HC Deb 26 February 1991 vol 186 cc782-3
5. Mr. Andrew Mitchell

To ask the Secretary of State for Employment if he will make a statement about the progress of the training credit pilots.

Mr. Howard

I was delighted to present the first training credits to young people in Suffolk on 14 February. In the coming months some 45,000 young school leavers throughout the pilot areas will have the opportunity to use training credits to obtain approved training of their choice.

Mr. Mitchell

Are not training credits an innovative and extremely individual approach towards training and very welcome because of that? Do they not mark an enormous contrast with the tired and outdated policies rewrapped by the Labour party which depend, as ever, on compulsion and coercion?

Mr. Howard

My hon. Friend is absolutely right. The Labour party has learnt nothing. Its reaction is always the same—reach for a quango, impose a new tax and introduce a dose of compulsion.

Ms. Armstrong

Does the Minister not realise that training credit money is coming out of other money for training, which has been so savagely cut that many people—certainly those served by the Durham TEC—will lose any chance of training and that the opportunity to link training with employers is diminishing due to rising unemployment?
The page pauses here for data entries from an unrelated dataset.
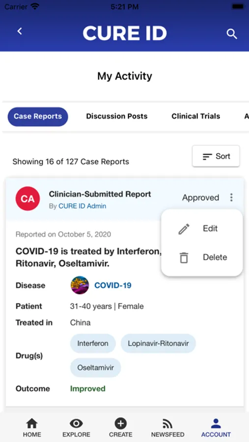 With the CURE Mobile App and Website, you can submit your experience treating an interesting patient and review the experiences of other clinicians with “drug repurposing” – i.e. using existing drugs in new ways (for new diseases, in new combinations, or new doses/durations). You can also participate in discussions with a global clinical community.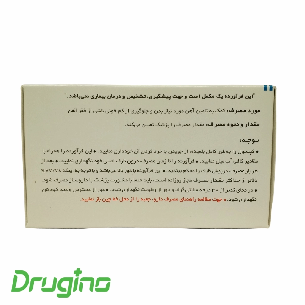 • ترجیحاً با معده خالی (۳۰ تا ۶۰ دقیقه قبل از غذا) مصرف شود تا جذب آهن در بالاترین سطح انجام گیرد.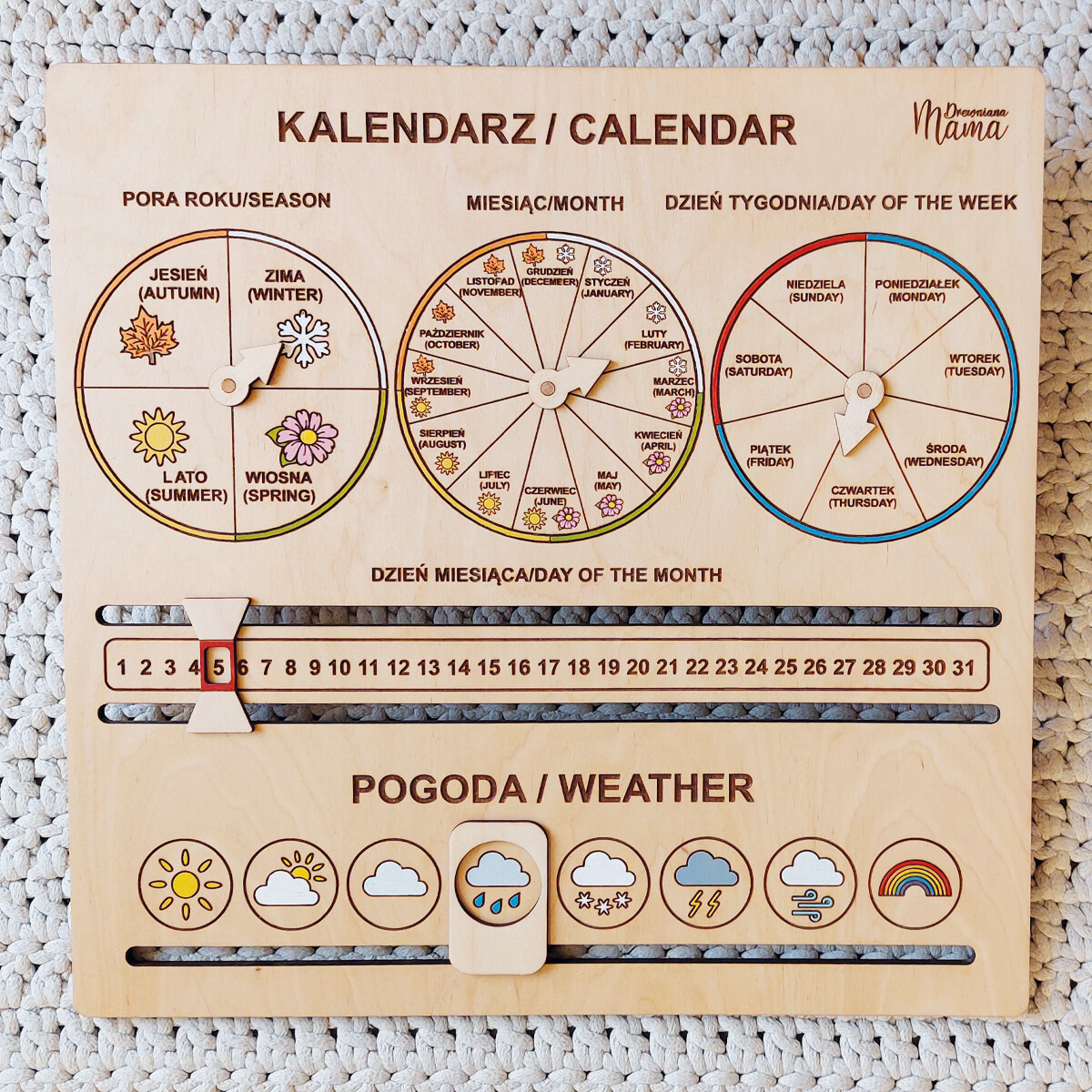 Kalendarz Dwujęzyczny Dni Miesiąca Pogoda - 44 - 43x42cm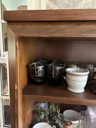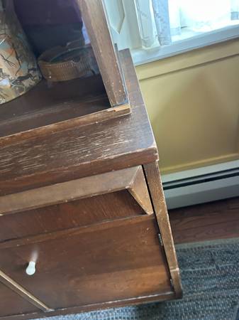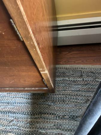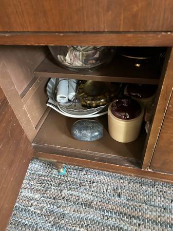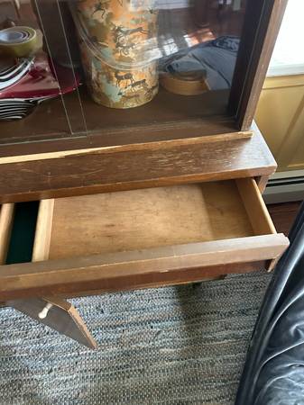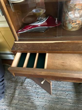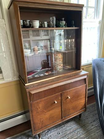 2 piece mid-century hutch with glass doors. This isn't marked but I am pretty sure it's made by Bassett. Piece needs a little work but overall pretty good condition. The edge-banding is damaged or missing in several spots. Finish has some scuffs and scratches. Brass feet are tarnished. Top comes off and base can be used as a credenza. Piece needs some work but overall pretty good condition.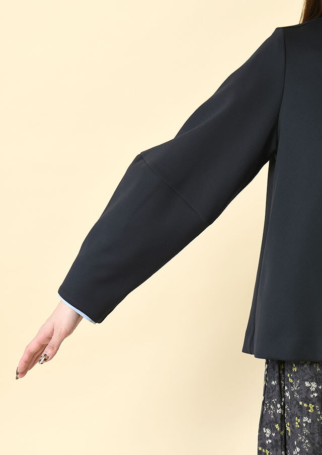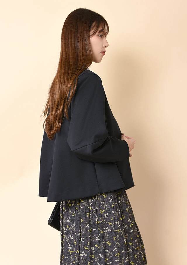 ワンピースの上に羽織れば、ランタンスリーブの丸みがやさしい華やかさを添えてくれます。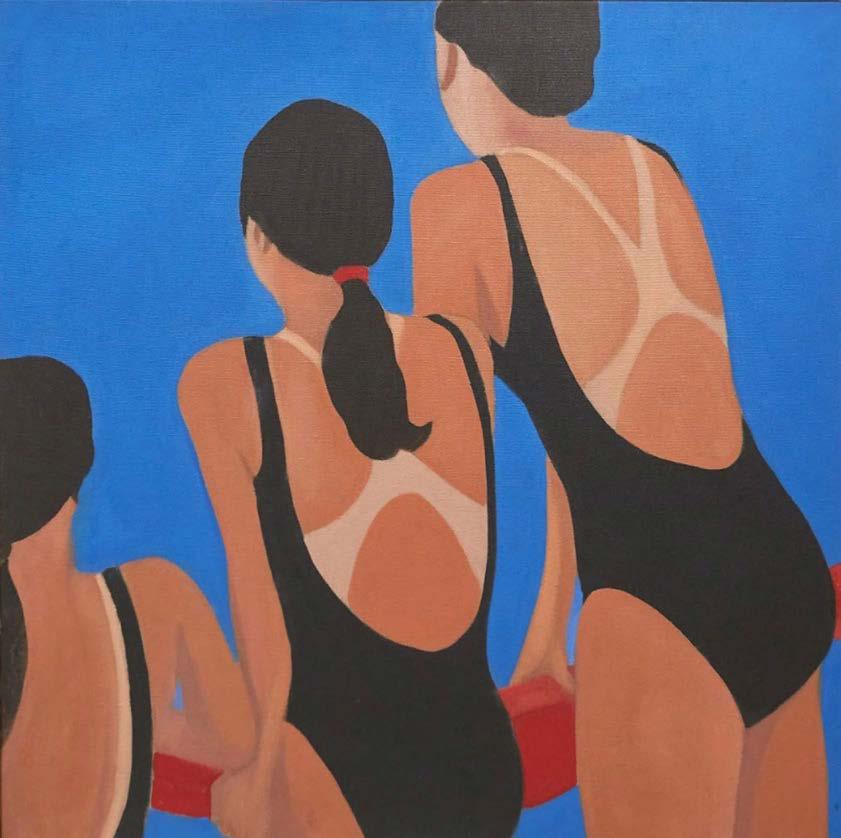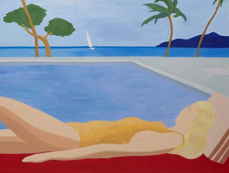 Color is indeed central to this series. Beach scenes and island life are depicted saturated in block color giving the pieces a Wesselman-esque identity. De Haenen uses the centrality of the female body and the advertising aesthetics of Pop Art to express the sensuality of these scenes as relaxed snapshots. They also are a gesture of love for his homeland and a longing for the persistence of the Caribbean identity, its magic, its myths and its history, of which he and his family were the protagonists.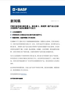 受 2024 年 7 月 29 日发生于德国路德维希港基地一装置的火灾影响,巴斯夫欧洲公司(同时代表其受影响的关联公司)宣布,从即日起至另行通知前,部分维生素 A、维生素 E 、类胡萝卜素产品以及部分香原料产品的供应遭遇不可抗力影响。涉及的香原料包括紫罗兰酮、白花醇、DL-薄荷脑、玫瑰醚、乙基芳樟醇、橙花叔醇和异植醇。巴斯夫积极与客户保持沟通,以提供受影响产品供应能力的最新信息。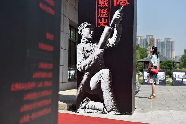 7月25日,一名参观者在参观展出图片。当日,为纪念抗日战争胜利70周年,“国家记忆暨三晋抗战历史影像展”在山西省太原市汾河景区免费开展。展览共选取200余幅图片,展示了抗日战争时期中国军民全面抗战的英勇事迹。新华社发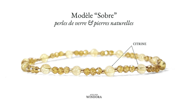 Modèle "Sobre" : Citrine (4mm) et perles en verre (3mm et 2mm).
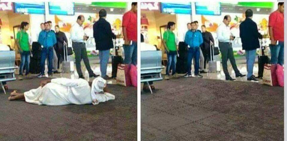 إن أكبر دليل على فبركة هذه الصورة هو أن سلطات المطار في دول الخليج كافة لا تسمح للمسافر بأن يستلقى لينام بهذه الطريقة على الأرض ..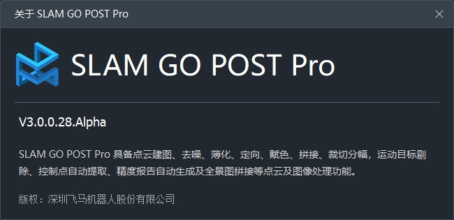 SLAM GO POST为与飞马手持激光扫描仪配套的PC端软件,内嵌在无人机管家专业版中。该软件支持处理飞马全系列手持激光扫描仪所采集的数据。融合行业级高精度建图算法,可生产高精度、高精细度的彩色点云成果及全景图成果。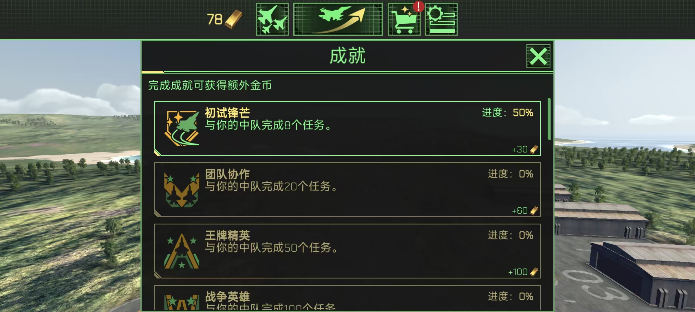 ● 指挥官模式:为游戏增添战略元素。除了驾驶战机,你还要负责部队的发展。扩建空军基地,管理资源,招募精英飞行员,确保你的特遣部队时刻保持战斗力。

In areas such as north-west Durham the position is critical. It is estimated that the cuts will mean up to 1,000 more people unemployed by the end of March. Can the Minister tell us how the additional money that he has announced today will save the opportunities for those people to continue in training?

Mr. Howard

The hon. Lady is entirely wrong about the funding of training credits, which included a substantial element of new money. I am sure that she will find that the additional £120 million that I announced today will go a long way towards increasing the resources that the Durham training and enterprise council will have available to meet the training needs of the county.

Mr. Favell

Does my right hon. and learned Friend recall how the Labour party objected when the Government introduced the requirement for young people to report for training if they wished to claim income support—in other words, income support was to be reduced if they did not train? Is he therefore disturbed by the present proposals that the youth training scheme should be abolished?

Mr. Howard

I never know quite what to make of the various suggestions that come from the Labour party about their proposals. Yesterday a new document was produced, which represented yet another change in their proposals. It is such a moving picture that I find it quite bewildering.